El espacio abierto, infinito e inacabable por excelencia dentro de la infraestructura antártica española es el refugio internacional Byers. Un pequeño campamento donde sus habitantes viven en tiendas de campaña y comen y se reúnen en pequeños iglús de diseño futurista construidos en fibra de vidrio. Un paisaje donde en un día claro puedes ver montañas de 2000 metros cubiertas de nieve, llanuras de musgos inacabables y un mar eterno donde sobresale el cráter de un volcán. Es este el cuarto año que permanezco en el campamento cuidando de su logística y de los científicos que acuden a estudiar las peculiaridades del paisaje. Cuatro tiendas amarillas sacudidas por el viento constante levantadas a cuatrocientos metros de la orilla. El viento se convierte en un compañero más y su presencia es constante y a veces agotadora. De todos los lugares donde técnicos y científicos españoles se mueven en los alrededores de la Península Antártica, es este el que permite una relación mayor y más salvaje con este entorno de naturaleza salvaje, despiadado pero puro e inmensamente bello. Una experiencia fuerte para el científico acostumbrado a pasar los días y las horas metido en un laboratorio y también para un guía de montaña curtido en mil batallas. Sólo llegar al campamento puede ser toda una aventura.

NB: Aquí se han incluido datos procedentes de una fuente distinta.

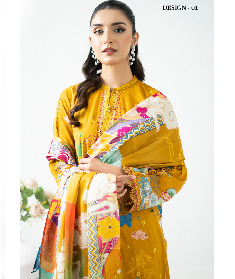 Lalam by Binaas- 01 * Digital Printed Lawn Embroidered * Neck With Boring Embroidered Front * Digital Printed Lawn Back * Digital Printed Lawn Sleeves * Digital Printed Silk Duppata * Dyed Cambric Cotton Trouser

Este año, el agua salada entraba en nuestra barca en cantidades ingentes mientras nos acercábamos a la orilla. Pasados unos minutos el agua nos llegaba por las rodillas y no sabíamos qué parte de la zódiac estaba dentro del agua y cuál fuera; entre nuestras piernas flotaban mochilas y objetos de todo tipo. Las orillas están plagadas de arrecifes y antes de alcanzar la costa el motor perdió una hélice dejándonos a la deriva dentro del Océano, sentados sobre la goma hundida en el agua y mirándonos con cara de póker unos a otros. Alcanzamos la arena donde reposan los elefantes marinos remolcados por una segunda barca. De esta manera la campaña en Byers comenzó: con nuestras cámaras de fotos echadas a perder así como algunos discos duros y la mayor parte de la ropa de algún científico. Desde la playa mirábamos nuestro barco levantar el fondeo y desaparecer entre la bruma con la promesa de volver a buscarnos en doce días.